Lindsey’s boyfriend had no such concerns. His jeans were unbuttoned, the zipper down, and David had a hand under his shirt, resting on his own distended belly. Lindsey watched with interest as David hiccupped, his tautly stretched abdomen visibly flexing with the motion.

In the battered and sagging easy chairs opposite, Lindsey’s two brothers sprawled, glutted and drowsy. Sam was actually asleep, his normally flat belly visibly swollen, rising and falling rhythmically. Bobby wasn’t quite socked out, but his eyelids were fluttering and his faded college T-shirt, which had just fit that morning, was fighting a losing battle to cover his gorged stomach. Unbuttoned jeans and a belt let out a couple of notches testified to the amount of dinner he had put away.

Lindsey winced as David reached over and covered her hand with his, inadvertently pressing a little on the sprained wrist that was the reason she wasn’t helping with the dishes. Well, one of the reasons. The fact that she was too stuffed to stand was purely incidental. Dopily sated, she half-heard the splashing, clinking, and muffled conversation among Mom, Sam’s wife, and Aunt Bella. Mom and Aunt Bella, her sister, had both been widowed several years, so she always came over for Thanksgiving. Her children tended to have other obligations with work and in-laws.

Once upon a time, Mom and Dad had hosted fourteen or fifteen people for Thanksgiving dinner. Lindsey suspected that Mom was incapable of scaling down.
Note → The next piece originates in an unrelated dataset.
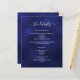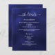 A modern, elegant wedding program/details/timeline. A navy blue coloured background. The blue colour is uneven. Personalise and add your names and wedding details. White coloured letters.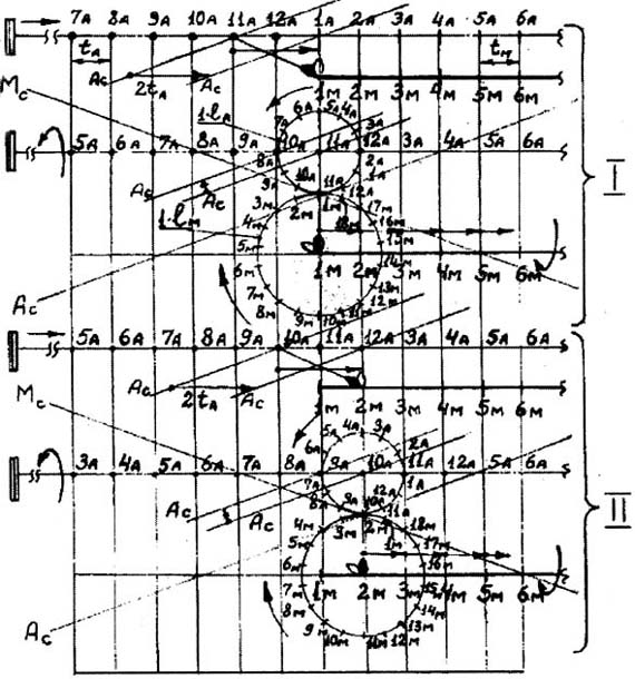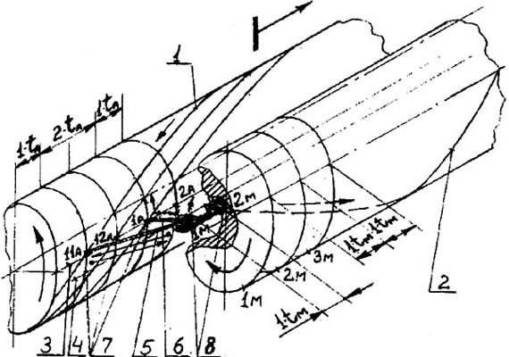 Рис. 2.1 - спираль нити актина, одна из двух, 2 - спираль головча-того конца, одна из шести, миофнламента миозина, 3 - линия фазы взаимодействия, одна из трех, нити актина, 4 - линия фазы взаимодействия, одна из шести, мнофиламента миозина, 5 - мостик № 1(lм) с головкой № 1 молекулы миозина 1м, 6 - мостик № 2(lм) с головкой № 2 молекулы миозина 1м, 7 -11А, 12А, 1А, 2А - глобулы актина, 8 -молекулы миозина 1м, 2м... Принимаем следующие условия по разработанной автором кинематической теории сокращения саркомера: 1. Миофиламент миозина является ведущим, поскольку он имеет мостики № 1м и № 2м и стоит на месте, а миофиламент актина - ведомым, поскольку он перемещается этими мостиками. 2. Тянущий мостик № 1м перемещает нить актина на 2·tА. 3. Скручивающий мостик № 2м разворачивает спирали нити актина и миофиламента миозина на дужки - U 1·1А и + и U 1·l м, что соответствует шажкам -1·tА и + 1·tм. 4. Направление вращения на скручивание для нити актина с левой стороны саркомера принято против часовой стрелки. 5. Направление вращения на скручивание для головчатого конца миофиламента миозина с левой стороны саркомера принято по часовой стрелке. 6. Спирали обоих миофиламентов в левой стороне саркомера имеют левое направление, а в правой стороне - правое направление. 7. Спирали обоих миофиламентов при проектировании их на любую плоскость пересекаются, а в пространстве перекрещиваются. 8. Точка перекрещивания является фазой взаимодействия обоих миофиламентов при наложении одной спирали на другую во время перемещения нити актина мостиком № 1м. 9. Каждая из трех фаз, расположенных вокруг нити актина под углом 120° относительно друг друга при скручивании головчатых концов миозина, перемещается вдоль этого конца по своей линии, названной автором линией взаимодействия. А поскольку фаз три, то и линий взаимодействия будет три. 10. Миофиламенты миозина в пространстве саркомера смещены относительно друг друга вдоль своих осей на 2·tА 11. Взаимодействие глобул и молекул миозина происходит при условии нахождения молекулы миозина на линии фазы взаимодействия, а глобулы актина - или на линии фазы взаимодействия или в самой фазе. Таких фаз три. Автор рассматривает одну из них. 12. Шаг спирали миофиламента актина разбит на 12 шажков, каждый из которых равен tА. 13. Шаг спирали миофиламента миозина разбит на 18 шажков, каждый из которых равен tм. 14. Шажки по оси спиралей миофиламентов актина и миозина равны между собой, т.е. 1м=1А. 15. Участки шажков в нити актина расположены от z-пластинки в сторону середины саркомера, в нашем случае - вправо. 16. Участки шажков на головча-том конце миофиламента миозина расположены в сторону середины саркомера, в нашем случае - вправо. 17. Окружность

How else to explain serving that much food for six people? Of course, among them they’d managed to put away most of the food … in tummies, not Tupperware.

Lindsey slid a hand across the bloated arc of her belly and groaned. David seemingly couldn’t resist balancing the tip of his forefinger in her tautly straining navel and pressing down. Lindsay obligingly burped. Then, tit for tat, she leaned over and did the same to David, prompting another hiccup. Lindsey felt that one. Wow, David’s belly was not just swollen but surprisingly firm, as if its whole bloated distention was full to the brim. Lindsay suspected her own tummy looked and felt the same. She winced as a groaning digestive rumble circulated through her, diverting her train of thought.

“All right, babes?” David’s low, slightly husky voice aroused her. He could be reciting DVR directions and make her excited. 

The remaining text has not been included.